Review: Wild Wild West

September 9, 2012

Oh boy, Will Smith. When I was doing my minimal amount of research for this review (by which I mean looking up Will Smith on Wikipedia), I found out that Will Smith actually turned down playing Neo in The Matrix to be in Wild Wild West. Oh, to imagine what could have been – a black, wisecracking Neo. But I digress. We’re here to talk about a freedman Army captain turned U.S. Marshall fighting against a legless Confederate scientist with a steam-powered robotic spider I’ve lost you, haven’t I?

Okay, let’s take it from the beginning. In 1869, Army Captian James West is hot on the trail of a Confederate remnant under the command of General “Bloodbath” McGrath, who, being a randy bastard, is visiting a brothel. However, the prostitute he visits is really U.S. Marshall Artemus Gordon, trying to weasel secrets about his latest plan out of him. But then James West involves himself, and McGrath escapes. Gordon takes West back to Washington, where President Grant informs them of the situation: American scientists are being kidnapped and it relates to McGrath somehow.

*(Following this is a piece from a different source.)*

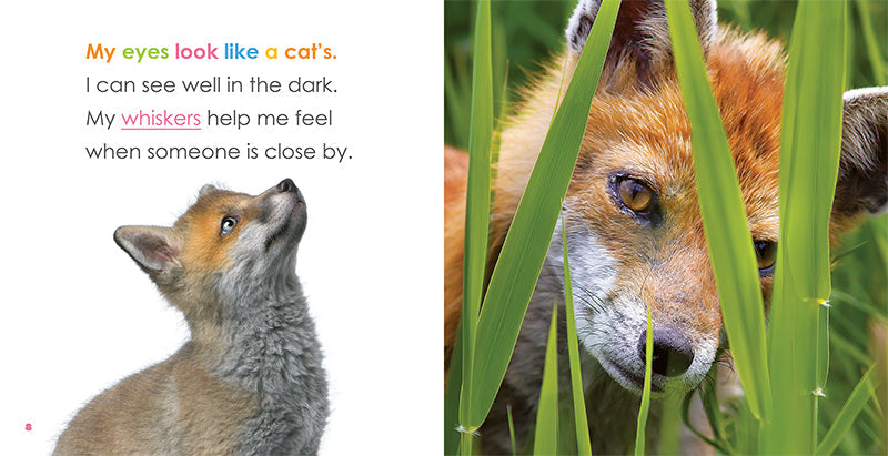 A baby fox narrates the story of its life, describing how physical features, diet, habitat and familial relationships play a role in its growth and development.

After a journey to New Orleans and crashing the party of Dr. Arliss Loveless, not to mention thwarting West’s lynching with an elastic rope and freeing the daughter of one of the kidnapped scientists, the three head for the “Golden Spike” ceremony in Promontory, Utah. And along the way, because we’re only half way through this movie, they’re intercepted and knocked out by Loveless, who proceeds to kidnap Grant through use of his giant fuck off spider.

To make a long story short (too late), West and Gordon free both the president and Rita, who reveals that the captured scientist was in fact her husband and not her father, while Grant makes the two the first agents of the United States Secret Service, and West and Gordon ride away on Loveless’s giant steam-powered mechanical spider.

It’s not a bad movie. As far as science fiction goes, it’s no The Day The Earth Stood Still, and as far as westerns go, it’s no The Good, The Bad, and The Ugly. But there’s nothing really bad about it. The story could have been a little stronger, and the tone is kind of goofy, but it’s a fun movie and perfectly suited to a boring weekend afternoon.